Recently there was a lot of talk about taking action against human trafficking, yet there are many women from Latin America and the Dominican Republic working in most of the countries as prostitutes who, when caught by immigration authorities, perhaps because someone did not pay their dues on time, claim to have been lured or tricked into coming to the country and then forced into prostitution. 
In a recent case in Trinidad, three women from Venezuela were found guilty of “illegal entry” – a term that might have been as appropriate to their clients as it was to them.
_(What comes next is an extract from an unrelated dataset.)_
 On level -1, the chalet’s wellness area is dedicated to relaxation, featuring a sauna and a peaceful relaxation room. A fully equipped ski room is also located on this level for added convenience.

The women claimed that they came by boat from Venezuela with the intention to work.
Their attorney said his clients were victims of a hoax and that the incident “speaks to the exploitation of vulnerable women”. He lamented that they took the proverbial chance and fell prey to the circumstances.
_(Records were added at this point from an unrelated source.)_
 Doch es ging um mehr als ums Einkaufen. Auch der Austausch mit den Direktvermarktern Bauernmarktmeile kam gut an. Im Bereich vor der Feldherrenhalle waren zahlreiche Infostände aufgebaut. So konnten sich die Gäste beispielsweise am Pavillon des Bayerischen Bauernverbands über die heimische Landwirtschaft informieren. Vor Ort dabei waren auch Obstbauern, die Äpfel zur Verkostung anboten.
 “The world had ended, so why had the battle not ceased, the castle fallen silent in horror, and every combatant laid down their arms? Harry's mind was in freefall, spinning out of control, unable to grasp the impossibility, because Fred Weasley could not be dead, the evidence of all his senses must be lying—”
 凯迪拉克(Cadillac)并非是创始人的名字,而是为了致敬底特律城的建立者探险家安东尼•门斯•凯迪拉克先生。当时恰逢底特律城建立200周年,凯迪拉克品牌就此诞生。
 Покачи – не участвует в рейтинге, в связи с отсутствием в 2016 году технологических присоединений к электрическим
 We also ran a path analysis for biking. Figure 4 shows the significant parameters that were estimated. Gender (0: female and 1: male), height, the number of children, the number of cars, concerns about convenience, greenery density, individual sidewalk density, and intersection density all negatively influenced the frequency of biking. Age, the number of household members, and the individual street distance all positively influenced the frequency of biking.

What makes this form of human trafficking a regional disgrace is that the women are hauled before the courts but not the owners of the places in which they work, the boatmen who bring them, or the people who buy and sell them like the sardines they are in a sea of bull sharks.
Then there are conventions like the ones on hospitality that I mentioned in relation to the passage of Hurricane Earl last week in Antigua. I had said that Guyanese and Trinidadians, though not as hospitable as Eskimos who shared their wives with guests, or some Pacific Islanders who provided a young woman as a substitute for sexual services to men whose wives were pregnant, were among the most hospitable people on earth. 
However, a report in the Zimbabwe Telegraph, disputes my claim. A Swaziland journalist named Clyde Chokupeta, in an article headlined The Swazis Are The Most Hospitable In Africa, referred to my article and its effect on Robert Mugabe, the president of Zimbabwe, to whom he refers as “Bob Raw Butt”: 
“It being winter and having read Deyal’s rumblings, Bob Raw Butt decided to go down Swazi for a visit. Many men are contemplating checking on the credibility of King Mswati’s hospitability . . .”
One of the interesting conventions cited by Mr Chokupeta concerns the Maasai of Kenya and Tanzania or the Karamajongo in Uganda, who are known for being very hospitable indeed:
“When a man visits a village and happens to arrive at the homestead of a contemporary who was circumcised in the same period with him, he just pins down his spear and enters the hut freely to partake of the warmth offered by the wife. 
“If the man comes back and finds the spear outside the main bedroom, he finds somewhere else to spend the night. He knows for sure that one of his contemporary mates is visiting. That is hospitality.” 
I would think that even in Africa, where the spear is the conventional weapon, one would exercise that right sparingly and not spearingly.
I know that we are very hospitable people in the Caribbean, but here that kind of behaviour would justify the “hospital” part of the word “hospitality”. 
The man would end up being circumscribed as well as circumcised, and would fittingly illustrate for all those unbelievers the truth of the adage or conventional wisdom, “spear the rod and spoil the child”.
• Tony Deyal, having already acquired visas for Kenya, Tanzania, Uganda and Swaziland, was last seen, spear in hand, on an African safari with Bob Raw-Butt.